Once captured, the documents will go through some or all of the following steps: document imaging, forms processing, image cleanup, quality control, and recognition.
The images will be saved as one of a number of formats: TIFF (Tagged Image File Format), JPEG, PDF, or GIF (Graphics Interchange Format).
For forms, the data and/or the entire form can be captured, depending on the needs of your business. Data captured from a form can be seamlessly entered into the correct database.
Image enhancement features of many software products (some features are even embedded in the hardware on devices today) increase the quality of the scanned documents. Common features include deskew, despeckle, crop, rotate, blank and double-page detection.
Double-check images for accuracy. In key-from-image, data can be validated by a second operator or via automated processes like database lookups. Bad images are flagged and rescanned.
Recognition is an important step for indexing each image.
- OCR (optical character recognition) – Recognizes machine-printed characters.
- Zonal – Used where only specific fields on a form are required.
- Full-text – Free form document conversion allowing search on all words in the document.
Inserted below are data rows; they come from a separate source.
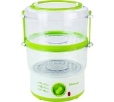 Современный дизайн Легкость в эксплуатации Две чаши; Объем 5л. Два дополнительных контейнера; Таймер на 60 минут с сигналом; Световой индикатор; Мощность 600Вт;
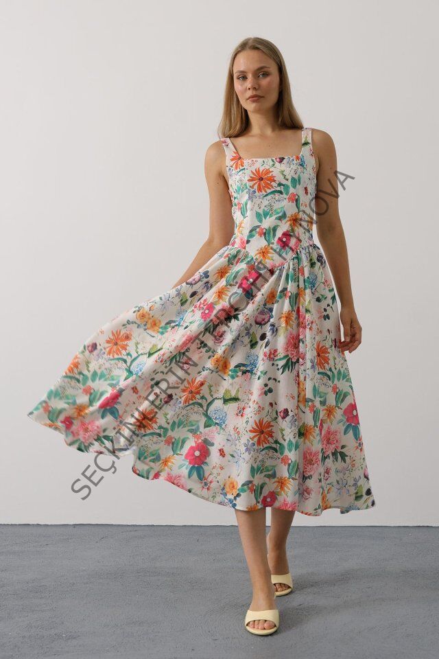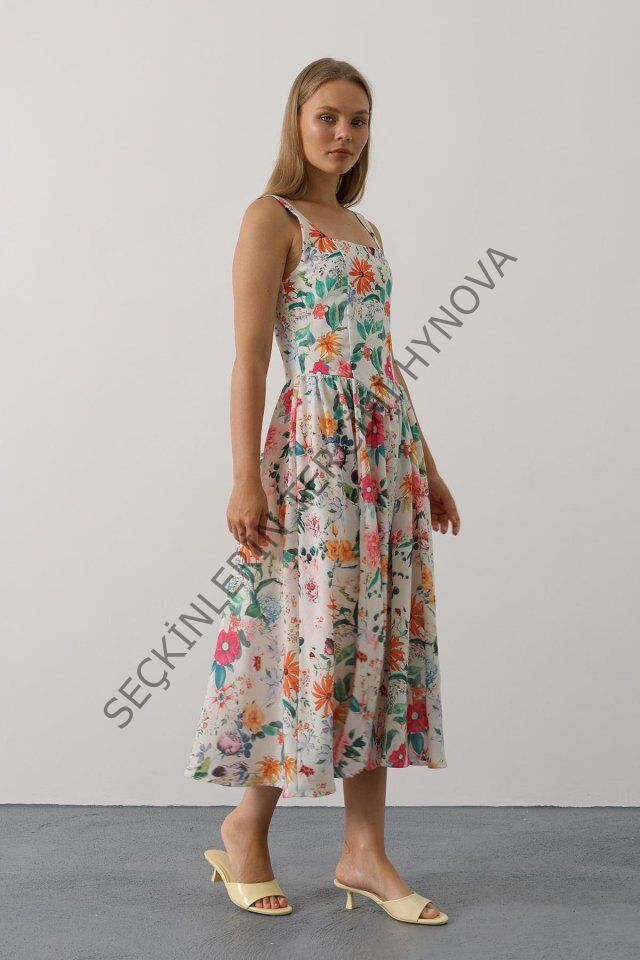 Çiçek Desenli Askılı Elbise - Pembe Çiçek
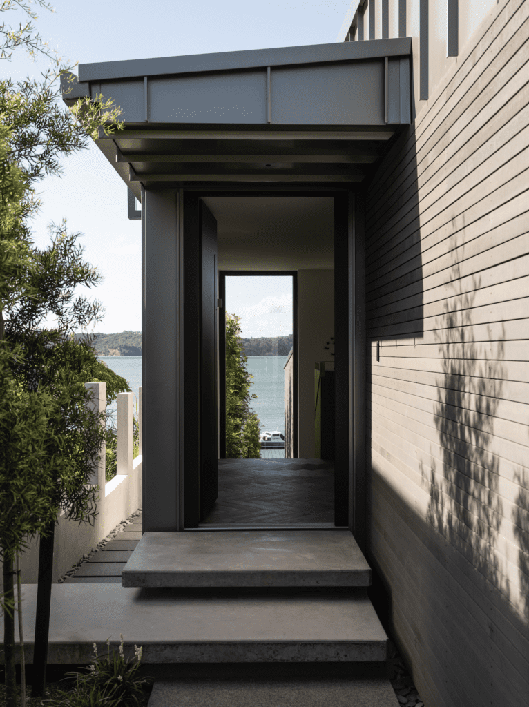 The passive house–approved glazing and joinery imported from Europe peels back to expose the entire width of the living floor and to make the most of the view of the harbour and Chelsea sugar factory.
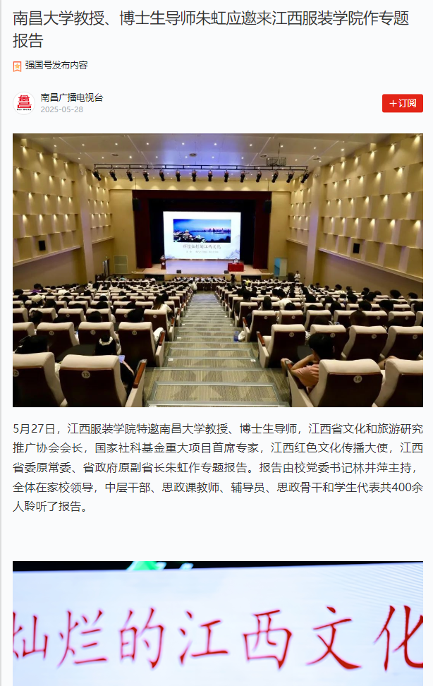 下一篇江西新闻:南昌大学教授、博士生导师朱虹应邀来万象城平台作专题报告
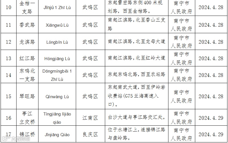 南宁公布17个新地名!应塔街、亭江立交桥……
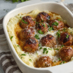 A hearty family-style casserole featuring layers of creamy mashed potatoes, savory meatballs, rich brown gravy, and melted cheese. The ultimate comfort food that’s ready in about an hour.
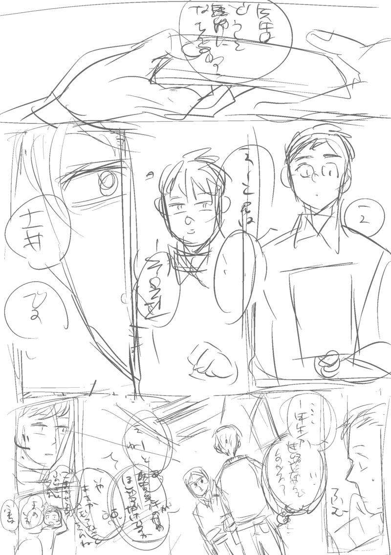 記憶あり16歳高校生ド×記憶なし22歳実習生尊くん。字も絵も殴り書きすぎるから解説すると、ドが尊くんに接触しに行きました→ドが尊に、なんで先生になりたいんですかと聞く→前世でよっぽど教師となにかあったのかもねなんちゃって⭐️てなる尊にドが辛抱たまらなくなるシーン(言い方
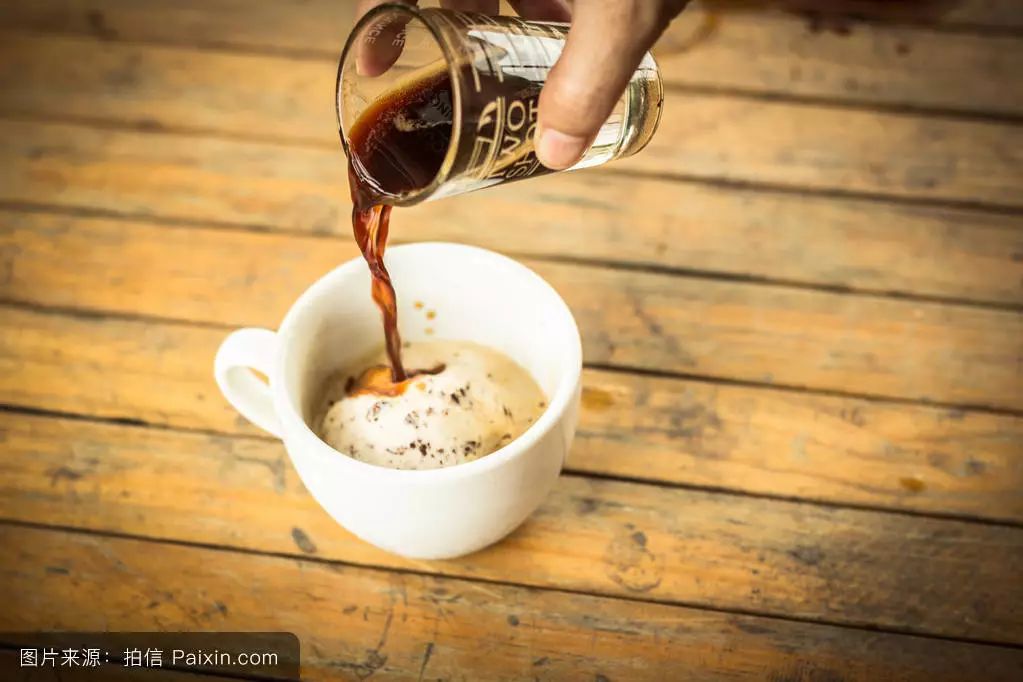 4.在冰淇淋上方放一塊巧克力,熱咖啡沖下去的時候,巧克力也會跟著融化。

- ICR (intelligent character recognition) – For hand-printed characters.
- OMR (optical mark recognition) – Recognizes check boxes, filled-in bubbles, etc.
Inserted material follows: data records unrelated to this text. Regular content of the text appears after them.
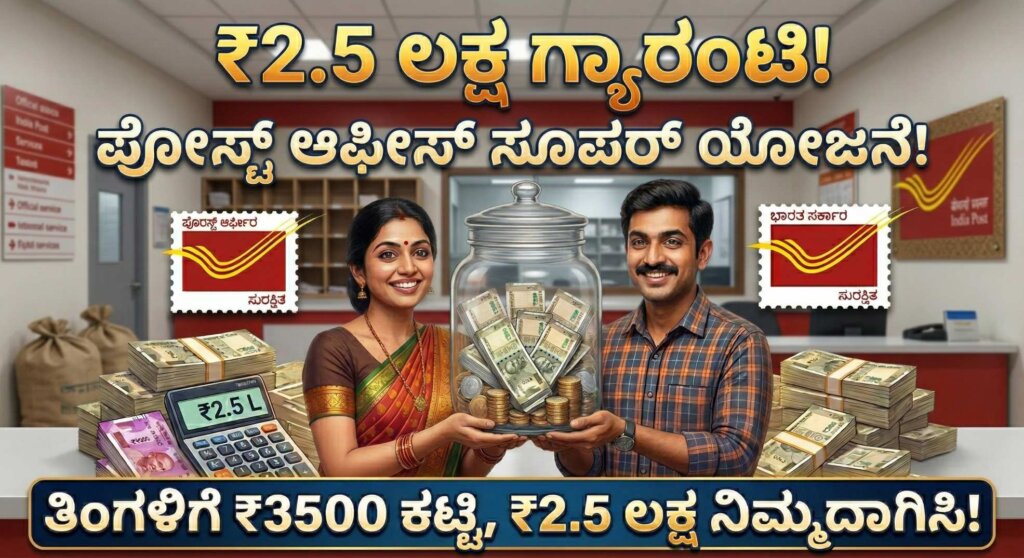 ಮುಖ್ಯಾಂಶಗಳು: ತಿಂಗಳಿಗೆ ಕೇವಲ ₹3,500 ಕಟ್ಟಿದರೆ 5 ವರ್ಷಕ್ಕೆ ₹2.5 ಲಕ್ಷ ಗ್ಯಾರಂಟಿ. ಪೋಸ್ಟ್ ಆಫೀಸ್ ಸ್ಕೀಮ್ ಆಗಿದ್ದರಿಂದ ಶೇ.100ರಷ್ಟು ಸರ್ಕಾರದ ಭದ್ರತೆ. 1 ವರ್ಷದ ನಂತರ ಕಟ್ಟಿದ ಹಣದ ಮೇಲೆ ಶೇ.50ರಷ್ಟು ಲೋನ್ ಸೌಲಭ್ಯ. ಮನೇಲಿ ಗಂಡ-ಹೆಂಡತಿ ಇಬ್ಬರೂ ದುಡಿತೀವಿ, ಆದ್ರೆ ತಿಂಗಳ ಕೊನೇಲಿ ನೋಡಿದ್ರೆ ಕೈಯಲ್ಲಿ ಬಿಡಿಗಾಸು ಉಳಿಯಲ್ಲ!” ಅನ್ನೋ ಚಿಂತೆ ನಿಮ್ಮದಾ? ಹಾಗಾದರೆ ಸ್ವಲ್ಪ ನಿಲ್ಲಿ. ನಾವು ಎಷ್ಟೇ ಕಷ್ಟಪಟ್ಟು ದುಡಿದರೂ, ಸರಿಯಾದ ಜಾಗದಲ್ಲಿ ಹೂಡಿಕೆ (Investment) ಮಾಡದಿದ್ದರೆ ಆ ದುಡ್ಡಿಗೆ ಬೆಲೆ … Continue reading ತಿಂಗಳಿಗೆ ಕೇವಲ ₹3500 ಪೋಸ್ಟ್ ಆಫೀಸ್ನಲ್ಲಿ ಸೇವ್ ಮಾಡಿದ್ರೆ 5 ವರ್ಷಕ್ಕೆ ಎಷ್ಟು ಲಕ್ಷ ಸಿಗುತ್ತೆ ಗೊತ್ತಾ?
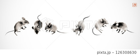Ink wash painting of mice in various poses on rice paper background. Traditional oriental ink painting sumi-e, u-sin, go-hua in vintage style. Hieroglyph - joy
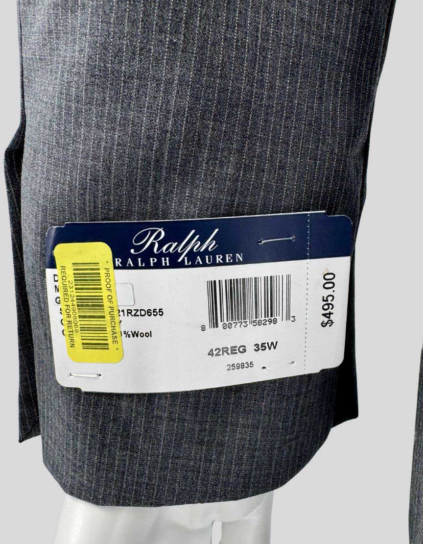 Description : RALPH LAUREN two-piece suit in charcoal grey with subtle pinstripes. Made from 100% wool, this classic suit features a 42 Regular jacket with notch lapels, two-button closure, and flap pockets, paired with flat front dress pants in size 35 waist. Refined pinstripe pattern. Traditional fit. CONDITION: Pristine. New with tags. Purchased for AMC's PARISH TV series wardrobe.
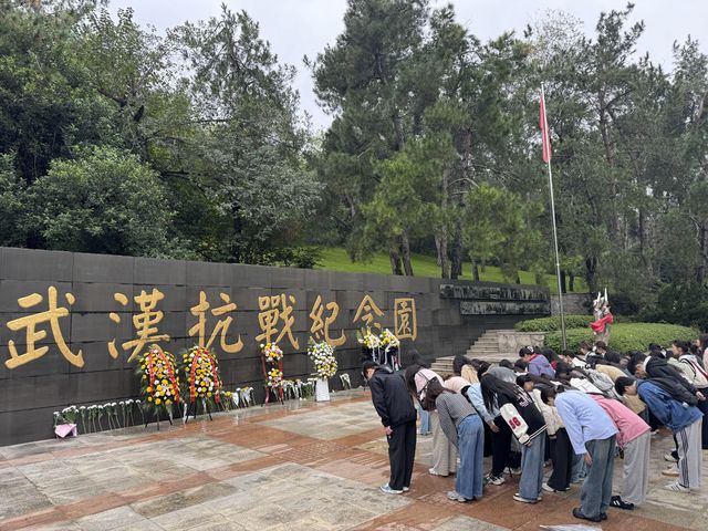 走出展馆,学员们来到室外的百家姓参观区。这里环境清幽,每一个姓氏背后都承载着中华民族的传承与发展,记录着无数家族在抗战中做出的贡献与牺牲。随后,在本科生党总支副书记杨佳子的带领下,全体人员整齐列队,在武汉抗战纪念园全体师生面向纪念碑肃立,并行三鞠躬礼,表达对革命先烈的深切缅怀与崇高敬意。

- Barcodes – Read and extract information from a pre-printed barcode.
If you ever want to find your documents again, indexing is not optional! The index can be full text or key fields; though a combination of both is best. There are a number of ways to index.
- Key from index fields (document type, date, customer name, etc.) – A data entry person manually indexes documents.
- Auto-indexing with barcodes – By storing form information on a barcode before scanning a batch of documents, certain index values can be automatically populated.
- Zone OCR – Also automatic
- Ingest from other applications – Email, word processing, etc.; metadata from the document (subject line, sender, etc.) become the index fields.
Once captured, your business documents are now quickly available to anyone in your organization, at any time (based on appropriate permissions, of course).